The questions asked in the Request for Additional Comments really echo the initial request – covering the waterfront of issues raised in initial comments in the proceeding. The request for comments asks whether there should be different rules for different types of services. For instance, a huge service like YouTube can likely afford more technological responses to take down notices (including adopting systems to make sure that infringing content, once removed, stays removed) when it has built a large business based on user-generated content, while a newspaper or broadcaster, who may have lesser resources and only occasionally allow for the posting of third-party content, may not be able to afford such solutions. The question of whether technology offers solutions to infringement issues is also raised. Even questions of whether there are abusive take-down notices that raise infringement issues when really none exist (and whether the notices should be required to assess fair use defenses that might be available in connection with the allegedly infringing content), is posed for further comment. The Copyright Office wants further comments on numerous factual issues, and also on the legal precedents that have arisen since the initial comments a year ago. Comments are to be filed by February 6, 2017, and any empirical research assessing these issues should be submitted by March 8, 2017.
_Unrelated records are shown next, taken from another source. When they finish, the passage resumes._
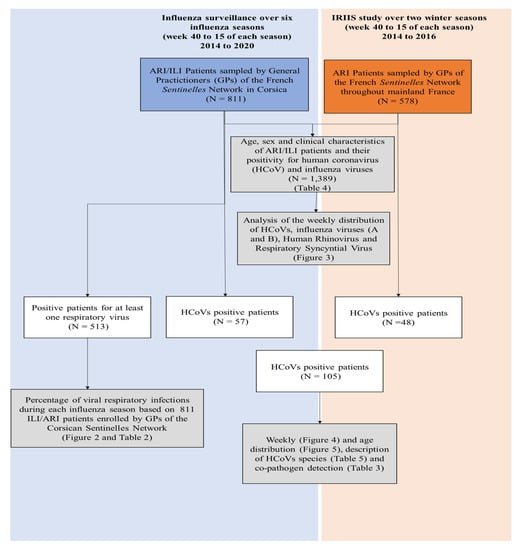 Nasopharyngeal samples were collected: i) as part of the community influenza surveillance conducted in collaboration with the French Sentinelles Network from patients seen in general practice, consulting for influenza-like illness (ILI) or ARI (for patients aged >65 years old) during six influenza seasons (week 40 to 15 of each season) from 2014 to 2020 in Corsica, France; and ii) from ARI patients enrolled throughout mainland France by general practitioners (GPs) of the French Sentinelles Network, during an epidemiological study of the risk factors for seasonal influenza (IRIIS study; 2014–2016 influenza seasons (week 40 to 15)) [20]. Notably, to ensure that the selection of ILI/ARI patients remained random, each GP was required to include, each week, the first two patients unrelated to one another, consulting within <48 h since symptom onset and consenting to provide a nasopharyngeal specimen. Each patient could be included only once a year (Table 1 and Figure 1). The surveillance uses a specific definition of ILI for patient recruitment: sudden onset of fever >39 °C with myalgia and respiratory signs, diagnosed by the physician. The case definition of ARI was “any person with a sudden onset of symptoms and at least one of the following four systemic symptoms: fever or feverishness, malaise, headache, myalgia, and at least one of the following three respiratory symptoms: cough, sore throat, or shortness of breath.”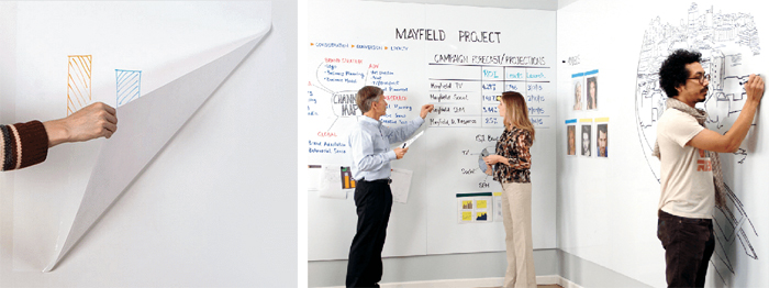 Sie können jetzt ganze Wände als Notiz- und Skizzenfläche nutzen, sogar Pfeiler und Türen, optional auch mit magnetischen Eigenschaften.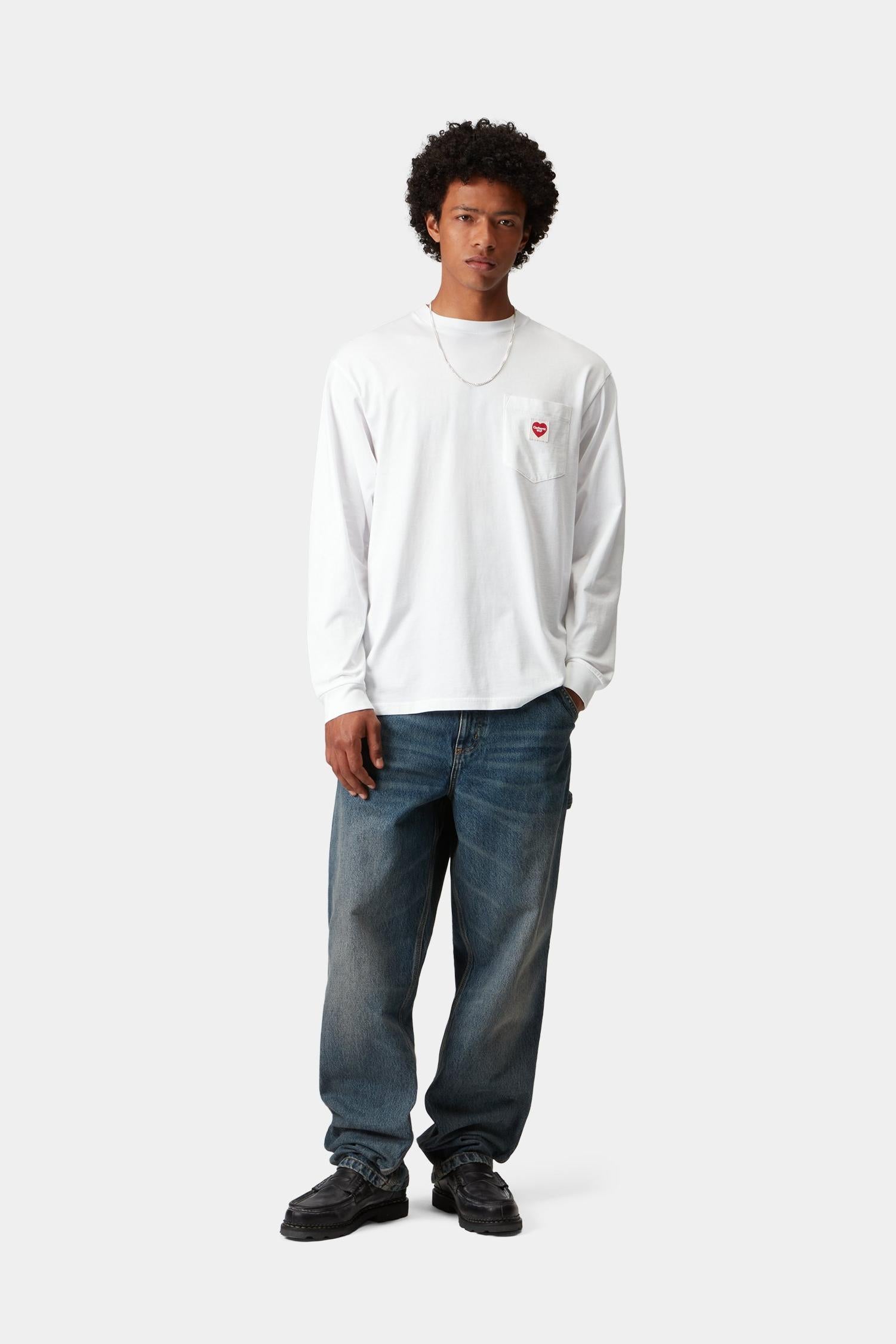 Футболка с длинным рукавом и карманом в форме сердца свободного кроя выполнена из легкого хлопкового трикотажа. На нагрудном кармане находится лейбл в форме сердца.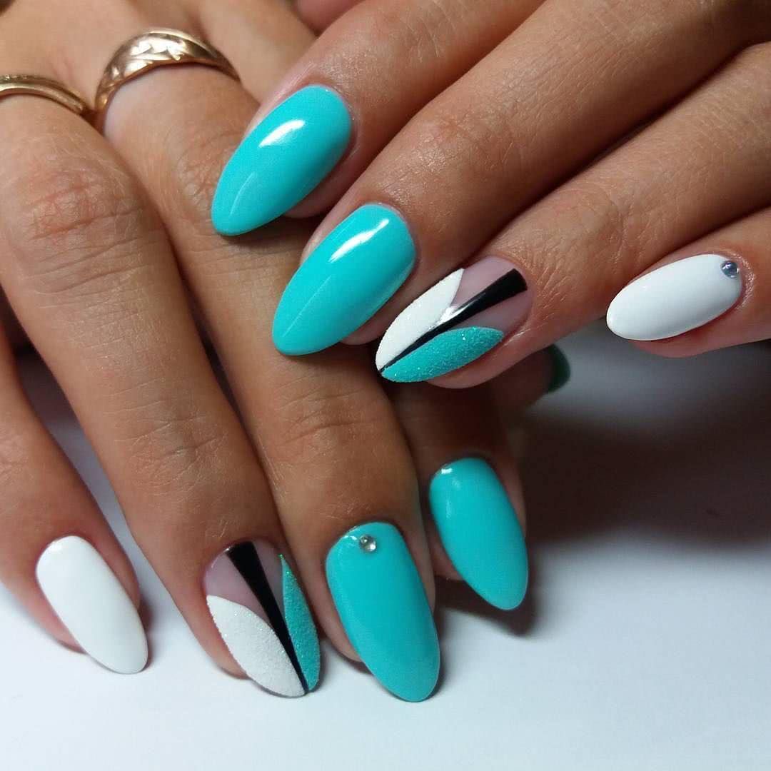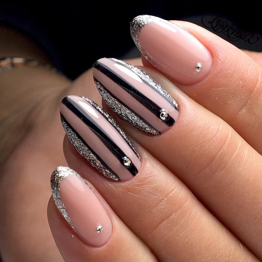 Многие барышни считают геометрические рисунки на ногтях слишком строгими, поэтому использование в маникюре блёсток поможет сгладить «острые углы» и сделает маникюр более женственным. В этом примере рекомендовано использовать мелкие частицы, например, глиттер или шиммер. Для создания эффектного геометрического дизайна, блёстками следует оформлять некоторые геометрические фигуры на ногтях, которые, в последствие, будут прорисованы чёрным лаком. Также, как вариант, можно прорисовать блеском детали по контуру и дополнительно выделить декором полностью один ноготок. Любой из примеров смотрится очень симпатично.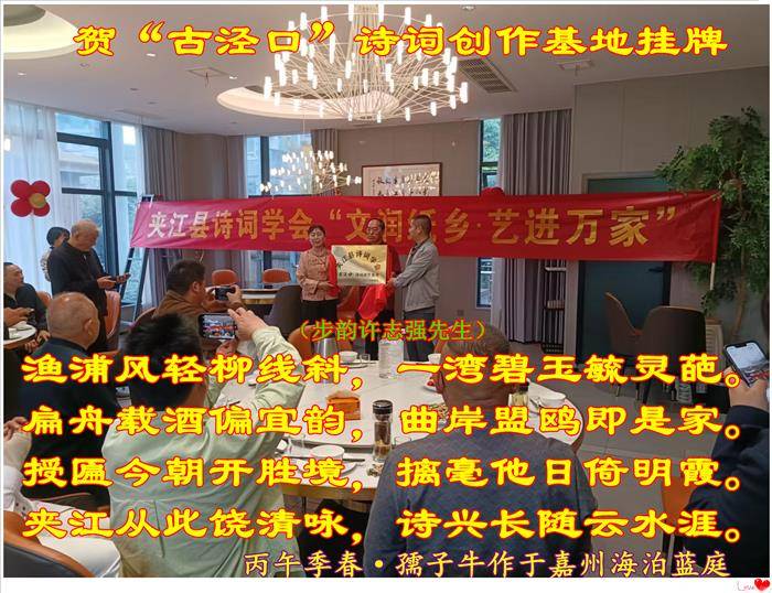 附:许志强原韵 古泾口外酒旗斜,四月春风润万葩。 一网江渔堪入韵,八方吟友喜安家。 授牌今日开新境,对酌明朝醉夕霞。 从此骚坛添胜事,纵情飞过水之涯。

These are difficult questions that come up in all sorts of contexts (see for instance our articles here and here). The Copyright Office merely studies these matters, and makes recommendations to Congress, who must actually craft any changes in the rules that apply to these services. Given the number of huge businesses – including all of the social media platforms that have grown based on the ability of users to post content on sites insulated from liability for the content that these users post – and the incredible effects on society and commerce that these social media platforms have in today’s world, Congress is sure to tread carefully as they consider changes to Section 512 in the next Congress.